Segment Open

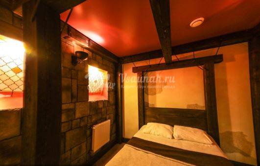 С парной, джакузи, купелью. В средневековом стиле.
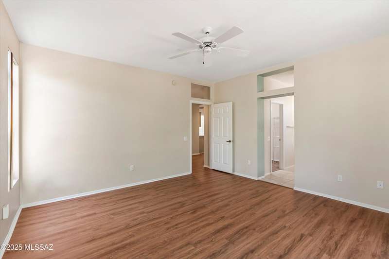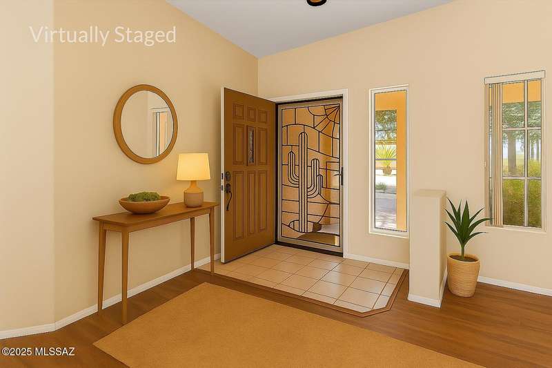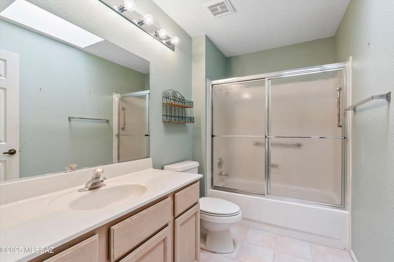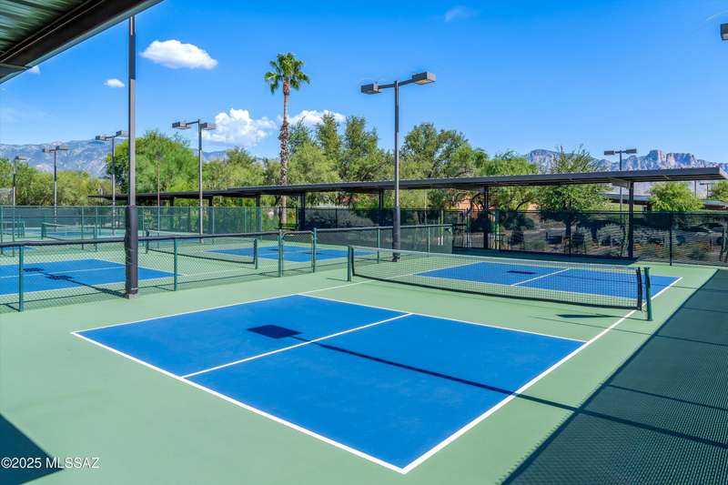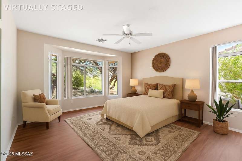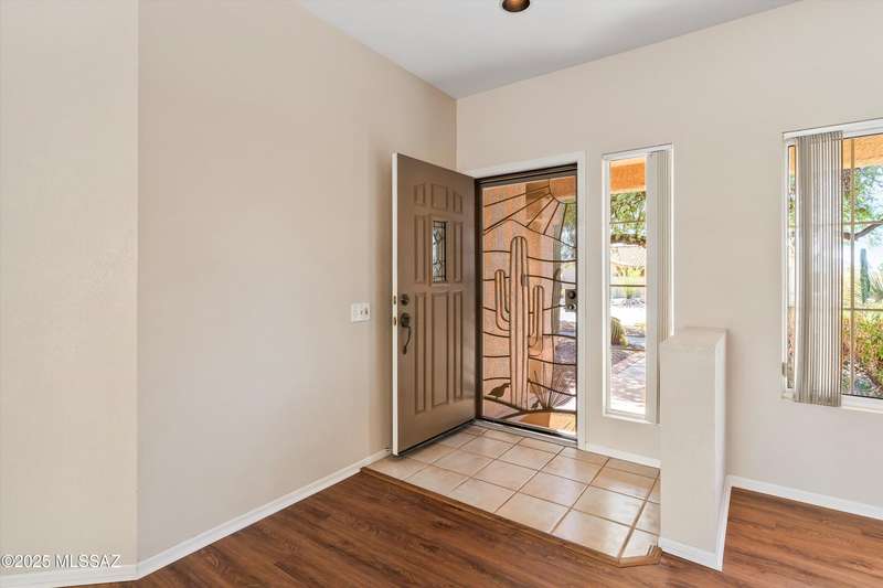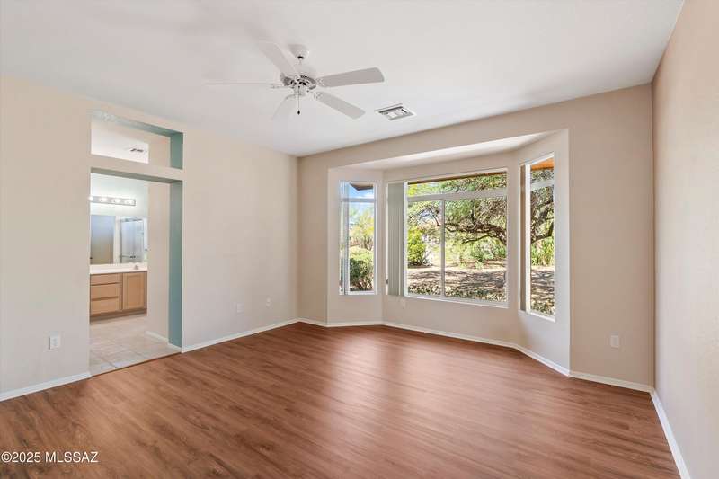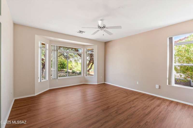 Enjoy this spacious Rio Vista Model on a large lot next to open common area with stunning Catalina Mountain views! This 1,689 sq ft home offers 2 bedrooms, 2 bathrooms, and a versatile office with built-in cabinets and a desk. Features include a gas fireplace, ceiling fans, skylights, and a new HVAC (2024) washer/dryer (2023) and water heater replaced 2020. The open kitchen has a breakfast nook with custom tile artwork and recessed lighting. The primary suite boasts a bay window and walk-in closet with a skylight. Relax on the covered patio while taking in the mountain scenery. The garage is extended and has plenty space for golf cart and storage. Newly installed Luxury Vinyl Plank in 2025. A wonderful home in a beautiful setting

Segment Closed
Segment Open

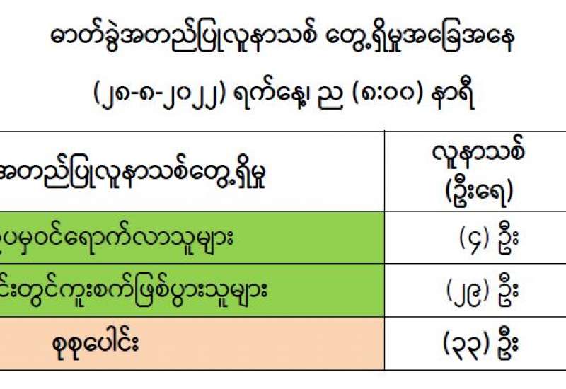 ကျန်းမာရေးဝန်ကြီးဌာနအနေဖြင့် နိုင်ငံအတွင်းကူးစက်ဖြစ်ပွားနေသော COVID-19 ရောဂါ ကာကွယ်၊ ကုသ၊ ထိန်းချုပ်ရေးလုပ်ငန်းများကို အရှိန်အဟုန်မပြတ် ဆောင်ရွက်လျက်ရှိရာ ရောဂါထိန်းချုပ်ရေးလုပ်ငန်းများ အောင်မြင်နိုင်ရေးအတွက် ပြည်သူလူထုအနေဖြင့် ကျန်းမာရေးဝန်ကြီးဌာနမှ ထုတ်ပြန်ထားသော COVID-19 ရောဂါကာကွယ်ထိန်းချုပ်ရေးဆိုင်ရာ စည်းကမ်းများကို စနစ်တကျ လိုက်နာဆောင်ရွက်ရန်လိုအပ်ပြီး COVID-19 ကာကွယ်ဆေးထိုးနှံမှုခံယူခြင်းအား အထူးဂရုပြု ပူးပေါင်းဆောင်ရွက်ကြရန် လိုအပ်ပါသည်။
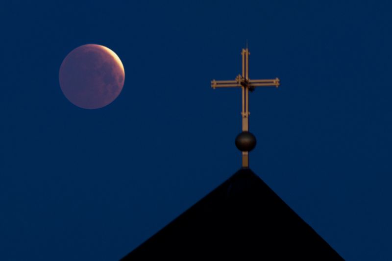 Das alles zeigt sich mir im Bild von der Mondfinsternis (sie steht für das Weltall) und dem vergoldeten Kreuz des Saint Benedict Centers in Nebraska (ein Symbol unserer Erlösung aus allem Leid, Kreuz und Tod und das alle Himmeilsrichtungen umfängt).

Segment Closed

Action item: Using the records above, print exactly the run of lines that starts with the line with "С парной, джакузи, купелью." and goes on through the line with "Enjoy this spacious", pictures excluded.

Output:
 С парной, джакузи, купелью. В средневековом стиле.
 Enjoy this spacious Rio Vista Model on a large lot next to open common area with stunning Catalina Mountain views! This 1,689 sq ft home offers 2 bedrooms, 2 bathrooms, and a versatile office with built-in cabinets and a desk. Features include a gas fireplace, ceiling fans, skylights, and a new HVAC (2024) washer/dryer (2023) and water heater replaced 2020. The open kitchen has a breakfast nook with custom tile artwork and recessed lighting. The primary suite boasts a bay window and walk-in closet with a skylight. Relax on the covered patio while taking in the mountain scenery. The garage is extended and has plenty space for golf cart and storage. Newly installed Luxury Vinyl Plank in 2025. A wonderful home in a beautiful setting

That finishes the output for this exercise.